[Start of section]
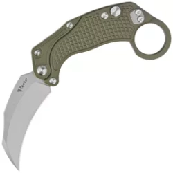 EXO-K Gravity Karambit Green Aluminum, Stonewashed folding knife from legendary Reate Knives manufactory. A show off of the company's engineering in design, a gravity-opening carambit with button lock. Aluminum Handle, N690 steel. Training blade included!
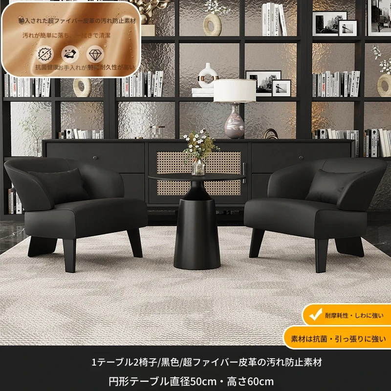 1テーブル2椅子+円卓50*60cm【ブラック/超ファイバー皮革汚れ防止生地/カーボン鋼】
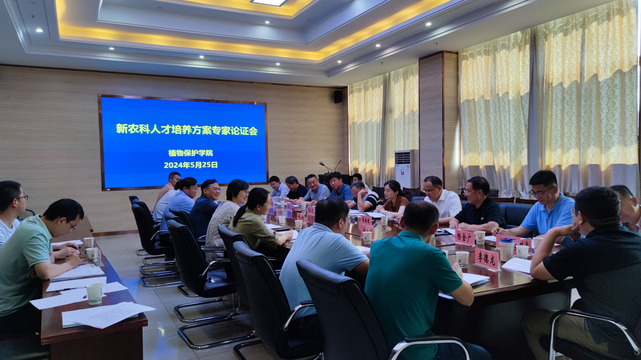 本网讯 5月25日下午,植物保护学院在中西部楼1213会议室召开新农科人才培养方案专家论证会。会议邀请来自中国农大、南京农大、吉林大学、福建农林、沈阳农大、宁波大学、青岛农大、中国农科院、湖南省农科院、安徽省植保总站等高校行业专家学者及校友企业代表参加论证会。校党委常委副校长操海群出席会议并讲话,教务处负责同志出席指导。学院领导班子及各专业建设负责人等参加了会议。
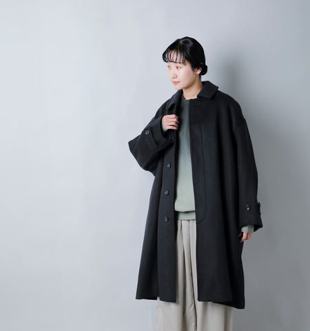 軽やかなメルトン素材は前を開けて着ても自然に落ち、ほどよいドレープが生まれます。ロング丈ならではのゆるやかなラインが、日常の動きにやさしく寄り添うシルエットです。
[End of section]
[Start of section]
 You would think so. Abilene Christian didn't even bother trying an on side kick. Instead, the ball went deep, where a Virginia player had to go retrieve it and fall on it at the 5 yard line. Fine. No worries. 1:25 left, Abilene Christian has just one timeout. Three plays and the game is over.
[End of section]
[Start of section]
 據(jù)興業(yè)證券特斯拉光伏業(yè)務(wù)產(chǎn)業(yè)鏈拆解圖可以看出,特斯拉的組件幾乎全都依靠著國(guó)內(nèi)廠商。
[End of section]
Taking the records above, print only and exactly the lines from the line with "本网讯 5月25日下午,植物" to the line with "軽やかなメルトン素材は前を開", both kept, and exclude pictures.

 本网讯 5月25日下午,植物保护学院在中西部楼1213会议室召开新农科人才培养方案专家论证会。会议邀请来自中国农大、南京农大、吉林大学、福建农林、沈阳农大、宁波大学、青岛农大、中国农科院、湖南省农科院、安徽省植保总站等高校行业专家学者及校友企业代表参加论证会。校党委常委副校长操海群出席会议并讲话,教务处负责同志出席指导。学院领导班子及各专业建设负责人等参加了会议。
 軽やかなメルトン素材は前を開けて着ても自然に落ち、ほどよいドレープが生まれます。ロング丈ならではのゆるやかなラインが、日常の動きにやさしく寄り添うシルエットです。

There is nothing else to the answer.